Wednesday, 6 October 2010

No shameful joy here, just a shame.

The IHC, who run sheltered workshops for the disabled, lobbied hard for strong workers' rights protections for the disabled. They helped to ensure that workers in those kinds of workshops received the minimum wage, unless a whole lot of paperwork were filled out. Unfortunately, the minimum wage was higher than the marginal revenue product of many mentally disabled people's work, and many employers couldn't be bothered with the paperwork, and so the intellectually disabled were pushed out of work and into community recreational programmes.

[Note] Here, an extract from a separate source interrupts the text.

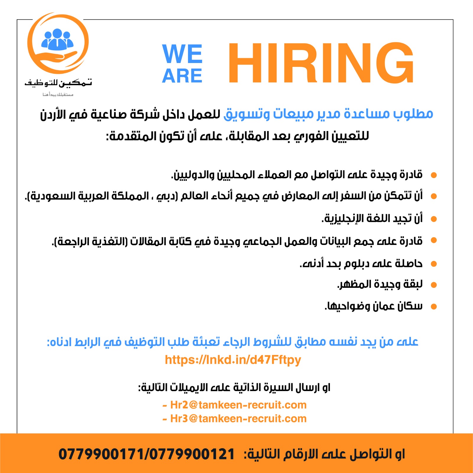 مطلوب مساعدة مدير مبيعات وتسويق للعمل داخل شركة صناعية في الأردن للتعيين الفوري بعد المقابلة، على أن تكون المتقدمة:

And now Radio New Zealand reports that IHC has had two subsidiaries placed under statutory management while they appeal a court ruling that would, if not overturned, increase their costs so substantially as to put them out of business. What does IHC want? To be able to avoid paying the minimum wage to folks on overnight shifts.
The argument is over what 3000 staff working for Idea Services and Timata Hou should be paid for what is known as sleep-over nights in order to look after about people with intellectual and other disabilities.
In rulings last year, the Employment Court agreed with workers that they should receive an hourly rate rather than an allowance of $34 for being on the premises between 10pm and 7am.
But IHC chief executive Ralph Jones says it cannot afford the costs resulting from the rulings, saying it would leave IHC with a liability of $176 million in back pay and $33 million each year in additional wage costs.
Idea Services is the operational arm of IHC that helped those disabled who were able to continue working after IHC-supported changes to labour laws. And now they're in turn being knocked out by labour laws. There's no schadenfreude in this. Sad irony only.